**PROBLEM DESCRIPTION**
Because the images are not wanted, restate every line below word for word without them.

**DATA EXTRACT**

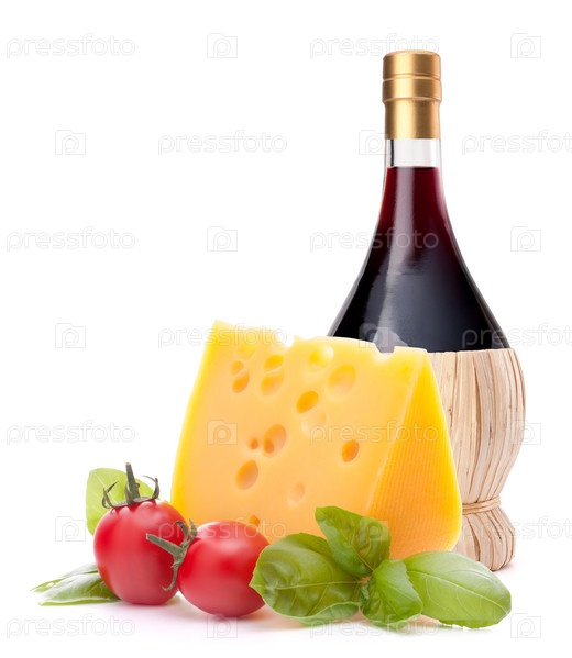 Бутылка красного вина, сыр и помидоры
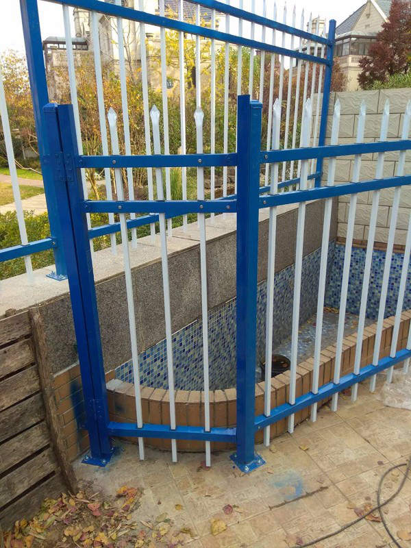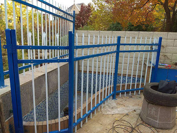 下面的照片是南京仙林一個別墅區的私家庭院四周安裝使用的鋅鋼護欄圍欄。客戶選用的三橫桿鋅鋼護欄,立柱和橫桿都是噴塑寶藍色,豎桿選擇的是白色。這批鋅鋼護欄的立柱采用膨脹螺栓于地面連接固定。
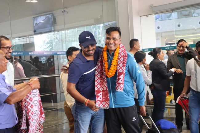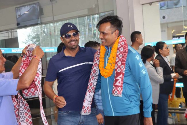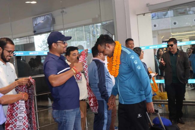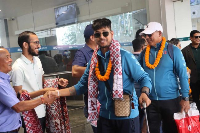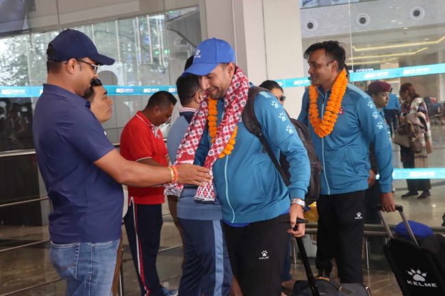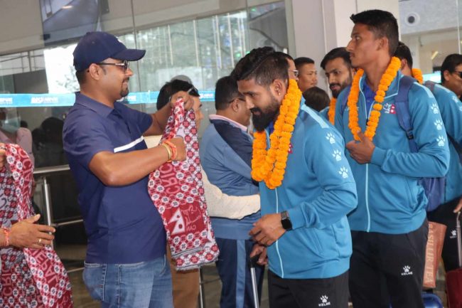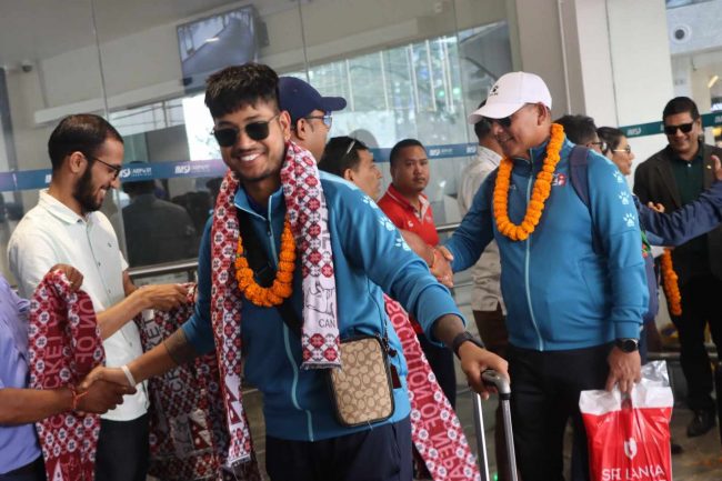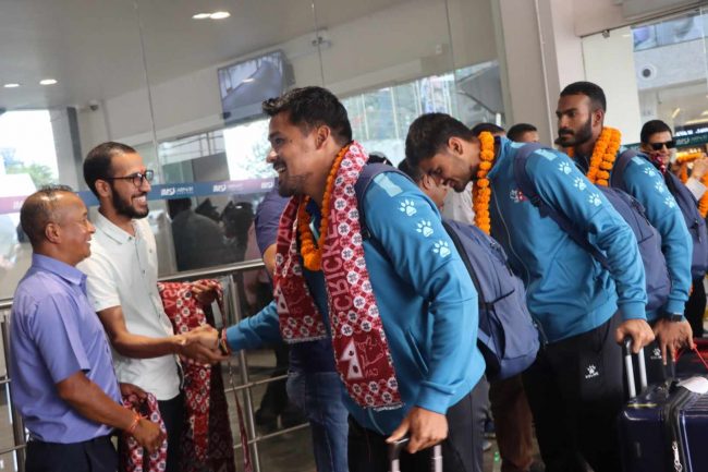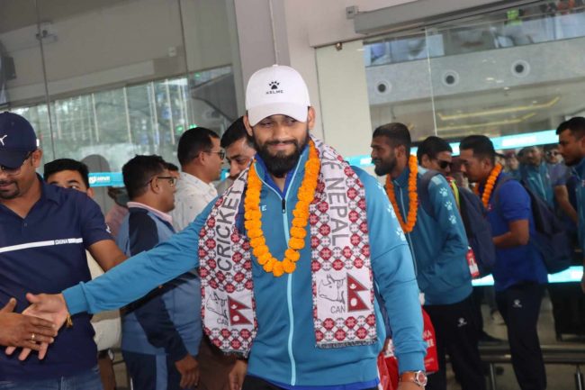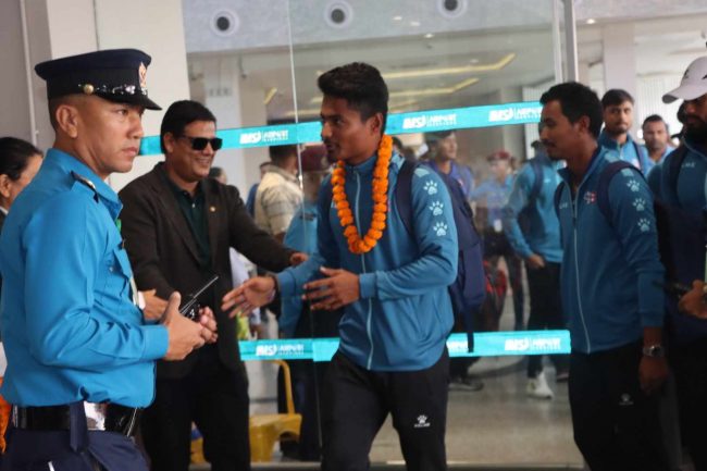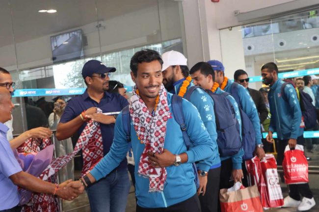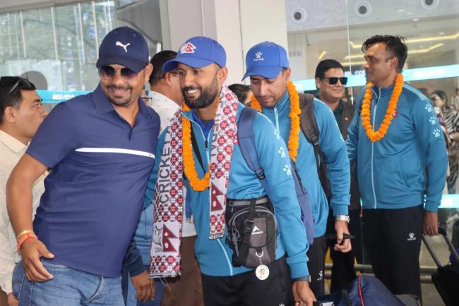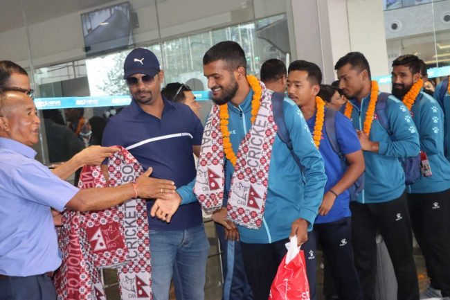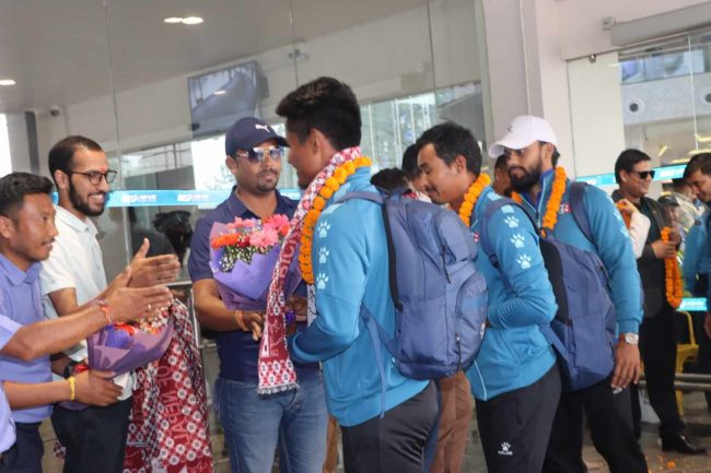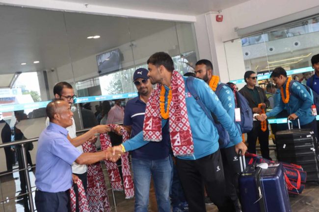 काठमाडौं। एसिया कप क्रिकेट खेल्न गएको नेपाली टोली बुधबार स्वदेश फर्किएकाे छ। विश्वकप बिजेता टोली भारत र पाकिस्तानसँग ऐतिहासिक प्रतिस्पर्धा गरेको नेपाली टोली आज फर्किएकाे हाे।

**EXERCISE ANSWER**
 Бутылка красного вина, сыр и помидоры
 下面的照片是南京仙林一個別墅區的私家庭院四周安裝使用的鋅鋼護欄圍欄。客戶選用的三橫桿鋅鋼護欄,立柱和橫桿都是噴塑寶藍色,豎桿選擇的是白色。這批鋅鋼護欄的立柱采用膨脹螺栓于地面連接固定。
 काठमाडौं। एसिया कप क्रिकेट खेल्न गएको नेपाली टोली बुधबार स्वदेश फर्किएकाे छ। विश्वकप बिजेता टोली भारत र पाकिस्तानसँग ऐतिहासिक प्रतिस्पर्धा गरेको नेपाली टोली आज फर्किएकाे हाे।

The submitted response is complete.